TASK DESCRIPTION: Look below for the line that has "场地共运用约70余种植物,乔". Set down the lines from there through the line that has "皇宫文告指出,今早从各政党领", exactly as written.
[[ INPUT RECORDS, beginning ]]
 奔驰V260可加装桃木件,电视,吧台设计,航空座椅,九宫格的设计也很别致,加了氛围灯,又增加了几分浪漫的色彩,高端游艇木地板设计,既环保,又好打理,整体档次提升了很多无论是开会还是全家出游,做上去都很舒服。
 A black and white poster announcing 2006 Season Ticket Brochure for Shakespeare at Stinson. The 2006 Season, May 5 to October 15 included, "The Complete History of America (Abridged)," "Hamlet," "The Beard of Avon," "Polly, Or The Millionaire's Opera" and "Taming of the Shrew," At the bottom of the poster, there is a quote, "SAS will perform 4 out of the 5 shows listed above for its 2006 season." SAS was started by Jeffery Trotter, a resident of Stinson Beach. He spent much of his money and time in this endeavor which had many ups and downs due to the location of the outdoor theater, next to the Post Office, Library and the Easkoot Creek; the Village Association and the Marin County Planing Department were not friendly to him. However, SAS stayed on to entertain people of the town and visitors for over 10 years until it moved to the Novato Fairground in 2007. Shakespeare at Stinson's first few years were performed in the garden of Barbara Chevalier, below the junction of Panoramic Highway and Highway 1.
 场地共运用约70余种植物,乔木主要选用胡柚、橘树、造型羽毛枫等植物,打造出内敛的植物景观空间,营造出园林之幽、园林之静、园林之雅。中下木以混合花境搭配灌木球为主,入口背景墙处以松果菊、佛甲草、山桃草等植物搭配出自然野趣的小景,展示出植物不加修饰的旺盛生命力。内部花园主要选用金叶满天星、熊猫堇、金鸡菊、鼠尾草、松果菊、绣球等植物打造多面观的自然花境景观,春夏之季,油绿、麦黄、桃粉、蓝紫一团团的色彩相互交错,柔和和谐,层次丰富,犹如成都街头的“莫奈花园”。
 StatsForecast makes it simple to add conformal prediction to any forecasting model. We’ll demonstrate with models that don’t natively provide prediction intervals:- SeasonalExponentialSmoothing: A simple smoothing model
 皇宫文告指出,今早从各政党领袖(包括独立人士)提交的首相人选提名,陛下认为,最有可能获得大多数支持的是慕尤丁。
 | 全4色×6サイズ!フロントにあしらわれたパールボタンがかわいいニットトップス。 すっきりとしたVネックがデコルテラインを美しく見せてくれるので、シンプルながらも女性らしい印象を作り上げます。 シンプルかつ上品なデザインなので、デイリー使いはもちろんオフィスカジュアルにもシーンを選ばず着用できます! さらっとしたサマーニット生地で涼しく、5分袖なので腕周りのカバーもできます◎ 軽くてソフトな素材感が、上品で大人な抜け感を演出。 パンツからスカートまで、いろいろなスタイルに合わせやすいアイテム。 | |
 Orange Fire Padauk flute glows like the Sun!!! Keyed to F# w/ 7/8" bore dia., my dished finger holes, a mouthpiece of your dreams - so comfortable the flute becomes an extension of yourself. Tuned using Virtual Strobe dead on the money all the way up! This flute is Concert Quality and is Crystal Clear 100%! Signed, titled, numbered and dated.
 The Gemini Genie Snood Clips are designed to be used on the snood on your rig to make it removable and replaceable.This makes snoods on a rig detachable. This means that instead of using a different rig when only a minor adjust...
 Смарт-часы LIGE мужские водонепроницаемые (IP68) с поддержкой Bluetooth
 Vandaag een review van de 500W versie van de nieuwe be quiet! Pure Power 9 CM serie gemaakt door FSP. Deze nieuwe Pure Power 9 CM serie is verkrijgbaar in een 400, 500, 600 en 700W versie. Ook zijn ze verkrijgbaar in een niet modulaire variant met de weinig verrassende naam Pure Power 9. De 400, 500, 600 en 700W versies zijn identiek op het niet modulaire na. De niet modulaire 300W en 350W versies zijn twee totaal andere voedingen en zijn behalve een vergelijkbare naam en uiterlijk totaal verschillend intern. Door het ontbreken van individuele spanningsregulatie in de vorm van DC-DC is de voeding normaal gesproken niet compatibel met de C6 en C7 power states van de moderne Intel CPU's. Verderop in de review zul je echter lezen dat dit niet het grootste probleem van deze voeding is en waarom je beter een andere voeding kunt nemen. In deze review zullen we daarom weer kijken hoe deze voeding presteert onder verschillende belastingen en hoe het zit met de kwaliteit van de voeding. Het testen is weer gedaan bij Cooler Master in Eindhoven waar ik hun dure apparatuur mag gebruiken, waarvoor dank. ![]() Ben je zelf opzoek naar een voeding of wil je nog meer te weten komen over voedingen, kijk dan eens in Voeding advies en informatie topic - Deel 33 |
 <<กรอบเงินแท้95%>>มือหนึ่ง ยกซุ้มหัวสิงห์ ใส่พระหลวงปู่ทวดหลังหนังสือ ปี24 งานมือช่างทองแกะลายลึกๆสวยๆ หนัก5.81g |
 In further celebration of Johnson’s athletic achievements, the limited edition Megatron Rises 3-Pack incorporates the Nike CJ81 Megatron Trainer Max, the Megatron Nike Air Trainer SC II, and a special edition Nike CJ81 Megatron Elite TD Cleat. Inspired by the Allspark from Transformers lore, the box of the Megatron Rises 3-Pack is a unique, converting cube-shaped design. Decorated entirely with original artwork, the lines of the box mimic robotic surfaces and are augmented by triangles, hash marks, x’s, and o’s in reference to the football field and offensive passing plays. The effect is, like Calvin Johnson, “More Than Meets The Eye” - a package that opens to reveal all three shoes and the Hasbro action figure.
[[ INPUT RECORDS, end ]]
ANSWER FOR THIS EXERCISE:
 场地共运用约70余种植物,乔木主要选用胡柚、橘树、造型羽毛枫等植物,打造出内敛的植物景观空间,营造出园林之幽、园林之静、园林之雅。中下木以混合花境搭配灌木球为主,入口背景墙处以松果菊、佛甲草、山桃草等植物搭配出自然野趣的小景,展示出植物不加修饰的旺盛生命力。内部花园主要选用金叶满天星、熊猫堇、金鸡菊、鼠尾草、松果菊、绣球等植物打造多面观的自然花境景观,春夏之季,油绿、麦黄、桃粉、蓝紫一团团的色彩相互交错,柔和和谐,层次丰富,犹如成都街头的“莫奈花园”。
 StatsForecast makes it simple to add conformal prediction to any forecasting model. We’ll demonstrate with models that don’t natively provide prediction intervals:- SeasonalExponentialSmoothing: A simple smoothing model
 皇宫文告指出,今早从各政党领袖(包括独立人士)提交的首相人选提名,陛下认为,最有可能获得大多数支持的是慕尤丁。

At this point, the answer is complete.